[RAW DATA]

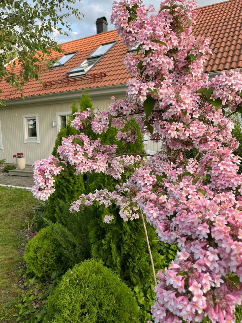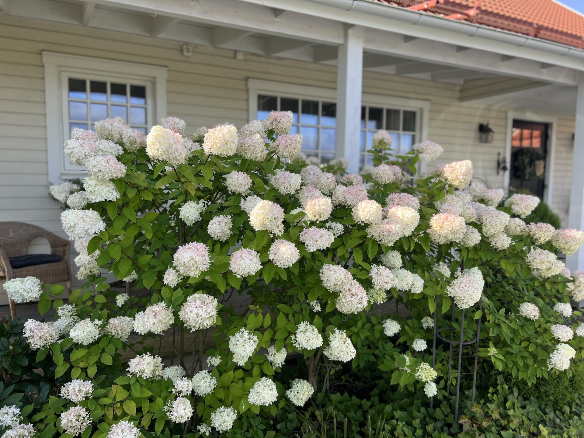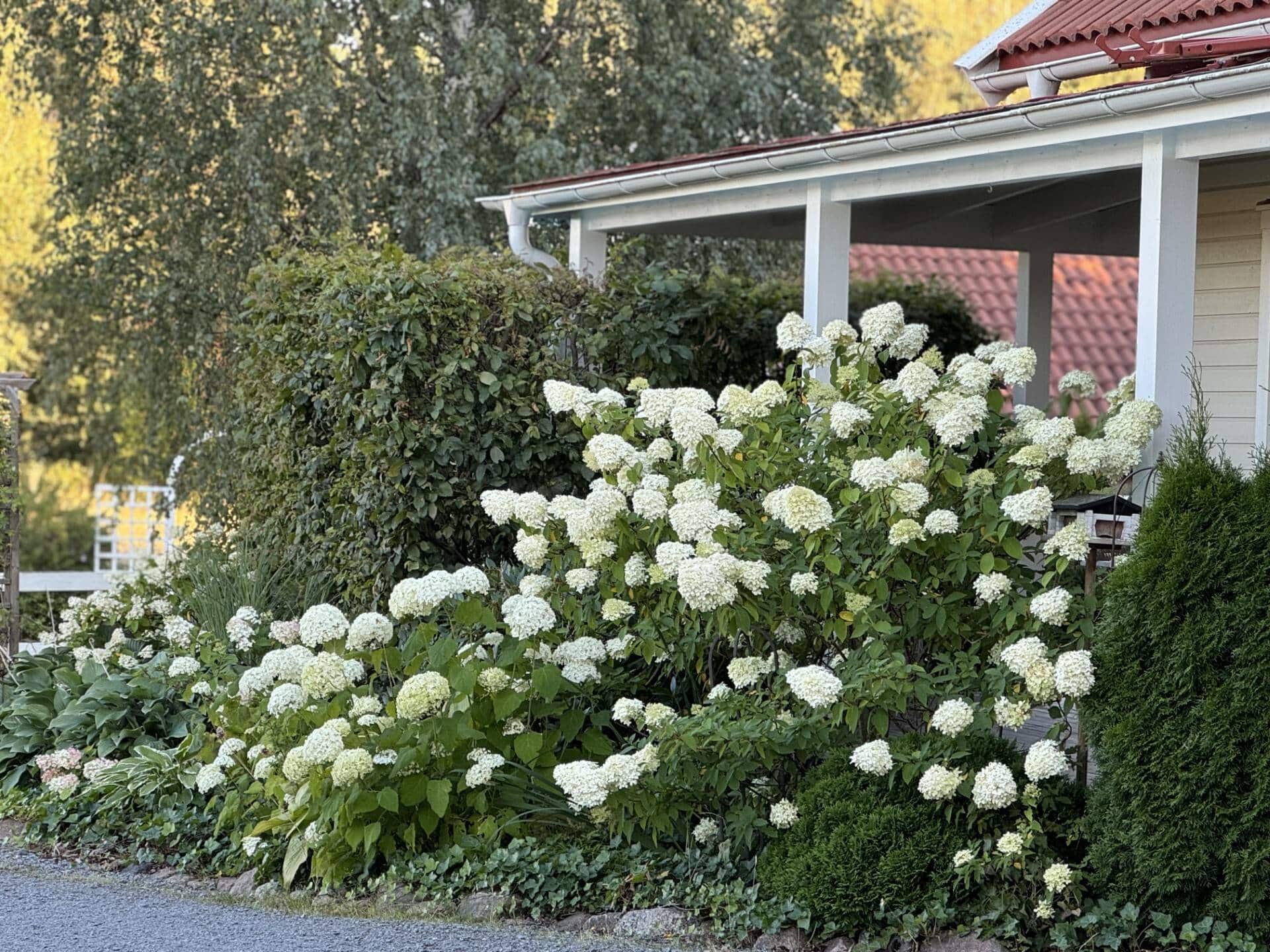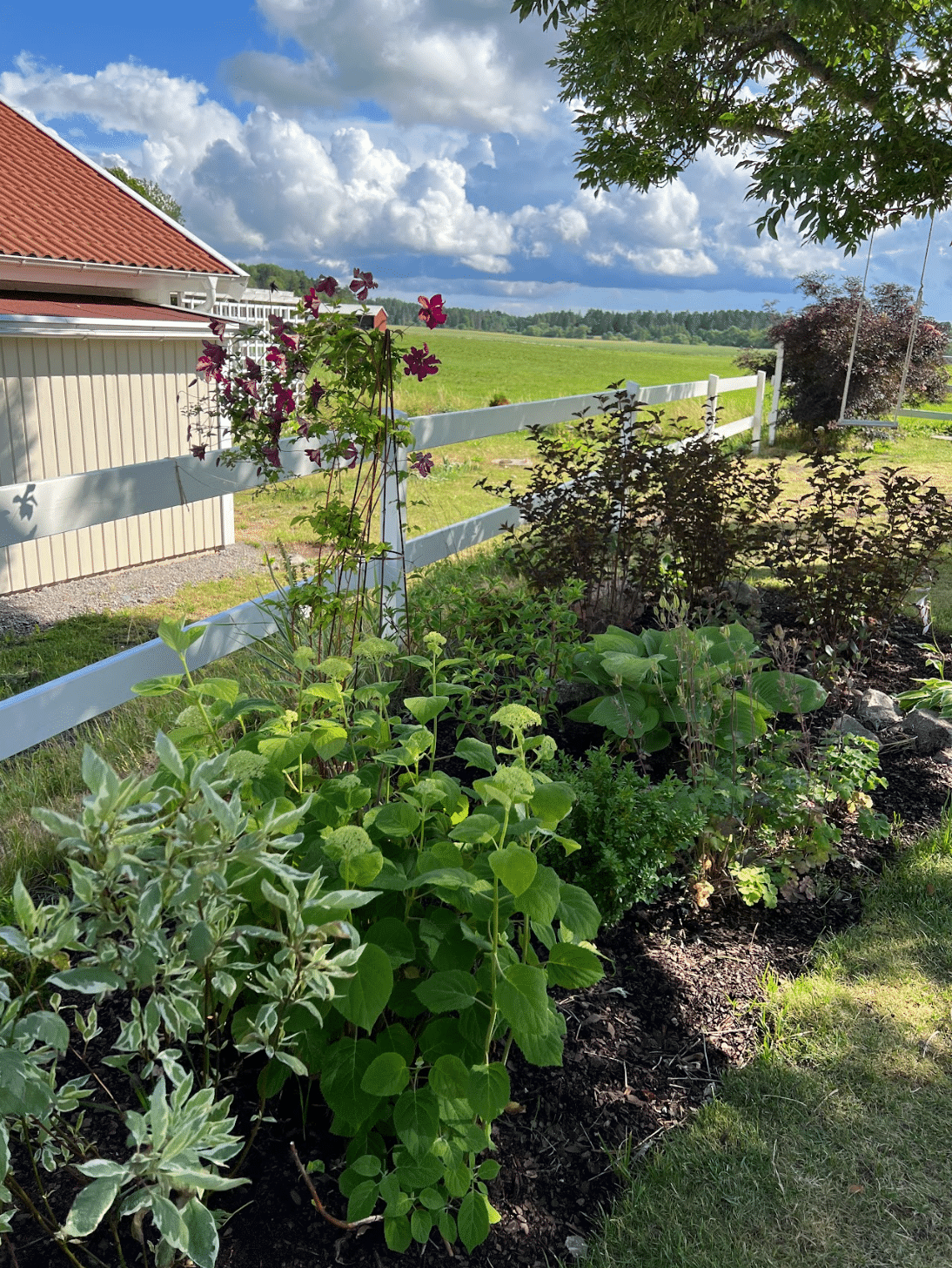 Frida på Hutchings Garden hjälpte oss både med idé och genomförande, att få till en mysig ombonad passage till entrén med en rundad rabatt invid grusgången. Den fungerar både som insynsskydd och har även gett rumskänsla till trädgården. Dessutom genialiskt att addera en portal och spaljé invid. Njuter av att sitta där på sommaren skyddad av grönskan. De vintergröna buskarna är dessutom fina året om. Kunde inte blivit bättre.
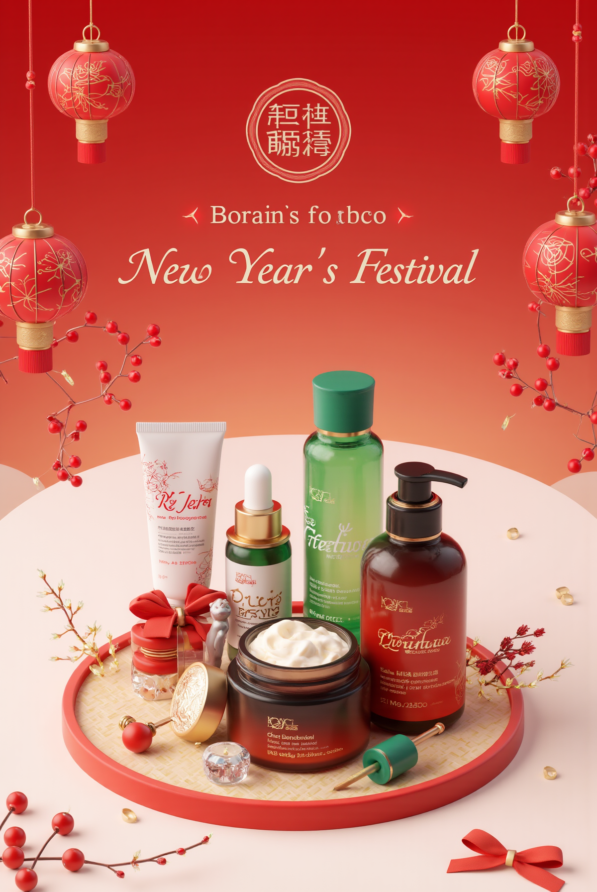 ,Festive New Year's celebration,elegant and clean design,three cosmetic products prominently featured,products arranged stylishly with festive decorations,red lanterns,gold accents,soft lighting,warm atmosphere,simple and sophisticated background,photorealistic style,high-quality details,minimal clutter,modern yet traditional design,elegant typography for 'New Year's Festival' text,
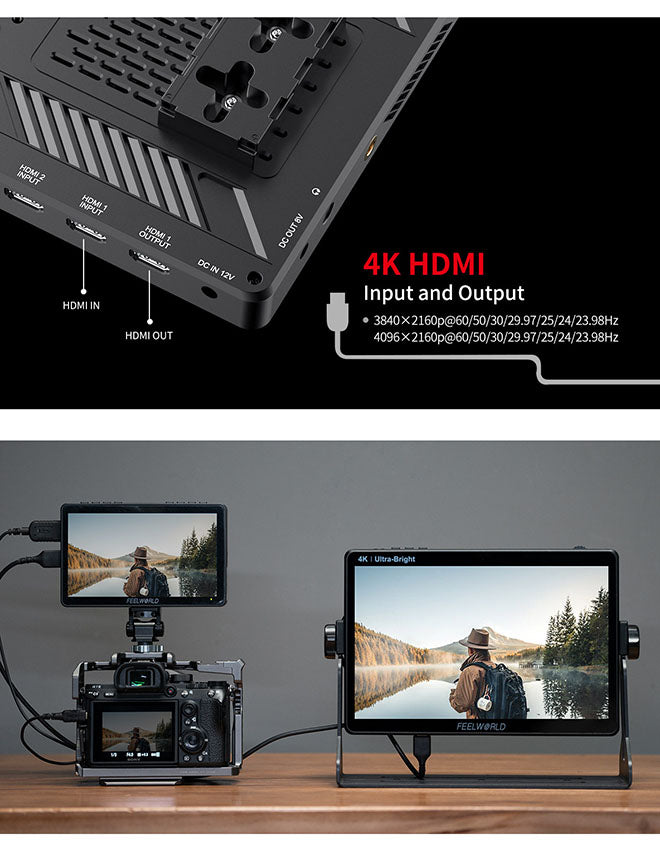 4K HDMI bemenet és kimenetA kettős HDMI jelbemenet könnyen illeszkedik a tükörreflexes kamerához és egy kimenethez, támogatja a 4K@60Hz-ig terjedő, veszteség nélküli átvitelt, és a képernyő simább és tisztább. És 3,5 mm-es fejhallgató-csatlakozót biztosít a hang monitorozásához.
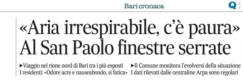 Sul Nuovo Quotidiano di Puglia online le mie dichiarazioni sull’incendio scoppiato in Zona Industriale. <Appena si scende in strada si sente molto forte questo odore come di carne bruciata – sottolinea Stefano Franco, consigliere del Municipio 3. – L’aria è ancora irrespirabile, anche se dopo un po’ ci si abitua. A casa siamo ancora costretti a stare con le finestre … Read More

[/RAW DATA]

__AIM OF THE EXERCISE__
Go through the material above and repeat it exactly. Omit the pictures.

__ANSWER BOX__
 Frida på Hutchings Garden hjälpte oss både med idé och genomförande, att få till en mysig ombonad passage till entrén med en rundad rabatt invid grusgången. Den fungerar både som insynsskydd och har även gett rumskänsla till trädgården. Dessutom genialiskt att addera en portal och spaljé invid. Njuter av att sitta där på sommaren skyddad av grönskan. De vintergröna buskarna är dessutom fina året om. Kunde inte blivit bättre.
 ,Festive New Year's celebration,elegant and clean design,three cosmetic products prominently featured,products arranged stylishly with festive decorations,red lanterns,gold accents,soft lighting,warm atmosphere,simple and sophisticated background,photorealistic style,high-quality details,minimal clutter,modern yet traditional design,elegant typography for 'New Year's Festival' text,
 4K HDMI bemenet és kimenetA kettős HDMI jelbemenet könnyen illeszkedik a tükörreflexes kamerához és egy kimenethez, támogatja a 4K@60Hz-ig terjedő, veszteség nélküli átvitelt, és a képernyő simább és tisztább. És 3,5 mm-es fejhallgató-csatlakozót biztosít a hang monitorozásához.
 Sul Nuovo Quotidiano di Puglia online le mie dichiarazioni sull’incendio scoppiato in Zona Industriale. <Appena si scende in strada si sente molto forte questo odore come di carne bruciata – sottolinea Stefano Franco, consigliere del Municipio 3. – L’aria è ancora irrespirabile, anche se dopo un po’ ci si abitua. A casa siamo ancora costretti a stare con le finestre … Read More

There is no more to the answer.